One way to play this Drug area is to buy an ETF in the Drug Index. An ETF is a basket of stocks in that index. The ETFs I'm referring to are
- Pharmaceutical Holder(PPH)
- Spider Pharmaceuticals (XPH)
- iShares Dow Jones U.S. Pharmaceuticals (IHE)
- PowerShares Dynamic Pharmaceuticals (PJP)
- iShares S&P Global Healthcare (IXJ)
Giving you some technical analysis (click here for a chart) on these ETF's in comparison to the Dow Jones Industrials and the S&P 500 index, you can see which ETF is leading - XPH which is the Spider Pharmaceuticals. All of the ETF's are outperforming the overall stock market. However, when you use this type of technical analysis you can find the ETF which is outperforming for now all the rest.
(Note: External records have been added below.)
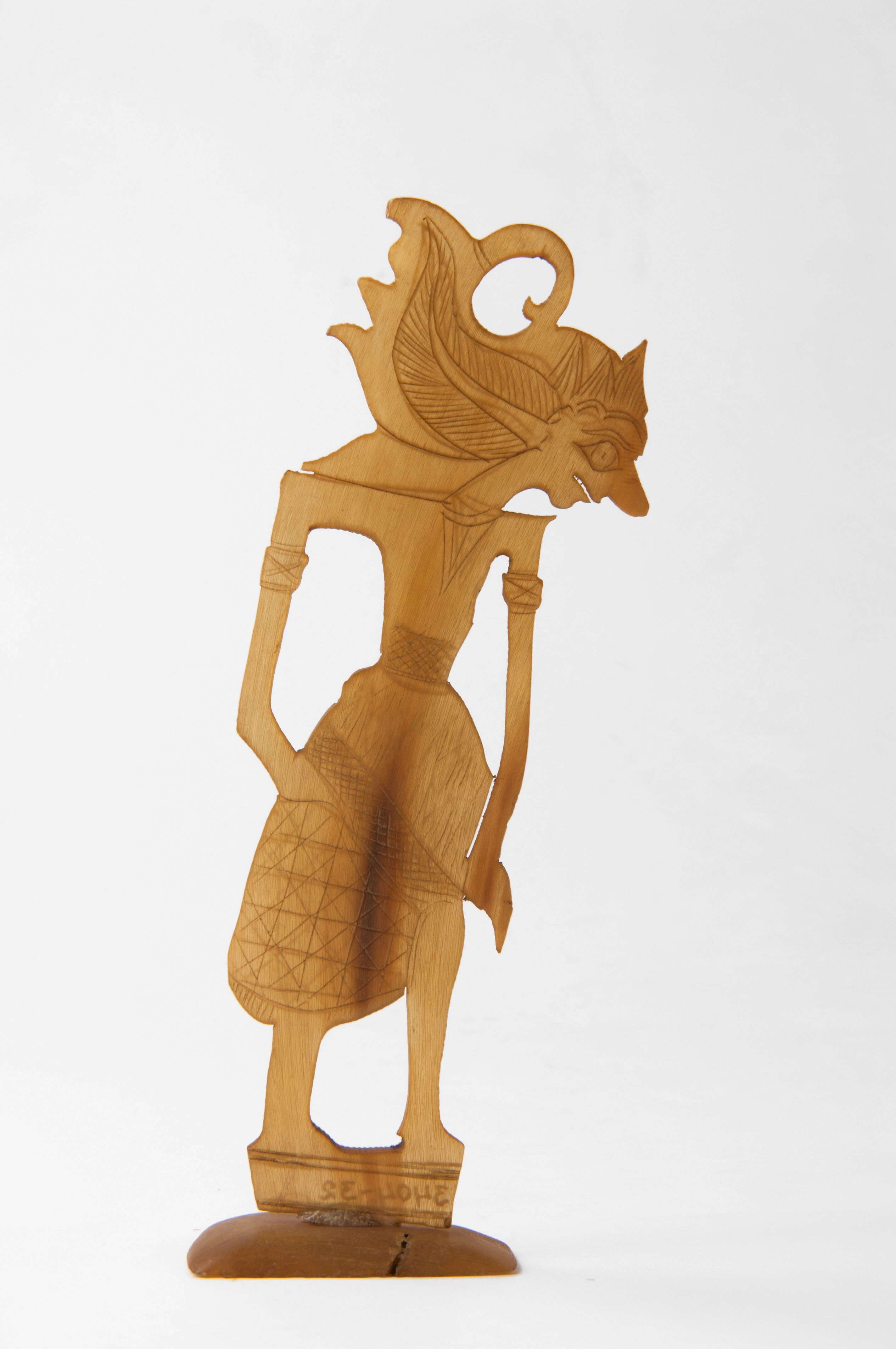 Houten beeld van een wajangfiguur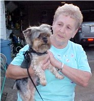 ![]() | Peanut came to us in May of 2007 after we had seen her picture on Petfinder. I called immediately to make sure that we could have her and no other dog. We had just gone through the loss of our 11-year old Yorkie Toby who was killed a few month earlier by an 87-year old man driving his car too close to the edge of the street where my husband and Toby were walking. Toby died instantly and my husband slowly recovered from the trauma. We spoke with Mary Lou of "Yorkie Rescue Me" in Pennsylvania and forwarded the application and pictures of our home to speed up the adoption. After the lengthy interviews over the phone and in writing she offered to bring Peanut to Englewood, NJ even though this entailed a 2 1/2 hour trip. Seeing Peanut was "Love at first sight" and after lunch Peanut and I took our first walk together. Our other 14-year old Yorkie Alfie accepted her immediately and very soon Peanut took over the management of our home and Alfie. She is the joy and sunshine of our l ife and we call her Sunshine Peanut now. I am very grateful that Peanut found us and the great service of Mary Lou, Yorkie Rescue Me and Petfinder. This year we have even rescued a Feral Cat, Blackie, who is intrigued with Peanut and follows her on her daily walks. Thanks for all the work you do. Ingrid |
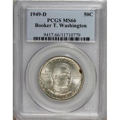 <B>1949-D 50C Booker T. Washington MS66 PCGS.</B></I> PCGS Population (194/13). NGC Census: (175/16). Mintage: 6,004. Numismedia Wsl. Price for NGC/PCGS coin in MS66: $240. (#9417)<BR><BR><b>Shipping:</b> Coins & Currency (<a target="_blank" href="http://www.heritageauctions.com/common/shipping.php">view shipping information</a>)

You can bookmark this link.http://stockcharts.com/h-sc/ui if you wish to follow these symbols for important breakdowns in the market. If the S&P 500, symbol $spx, breaks August's lows of 1370.06 and a close at least two times below 12,500 on the Dow, symbol $indu, you might be saying "welcome to the bear market". As Art Cashin on CNBC says, if we break our August lows, then "Goldilocks might have to by pass Dr. Phil and go to see Dr. Kevorkian." One important note here the Dow has a long term support which goes back to the year 2000 at 11,700. This means, if that breaks down, then the economy is worse than we think.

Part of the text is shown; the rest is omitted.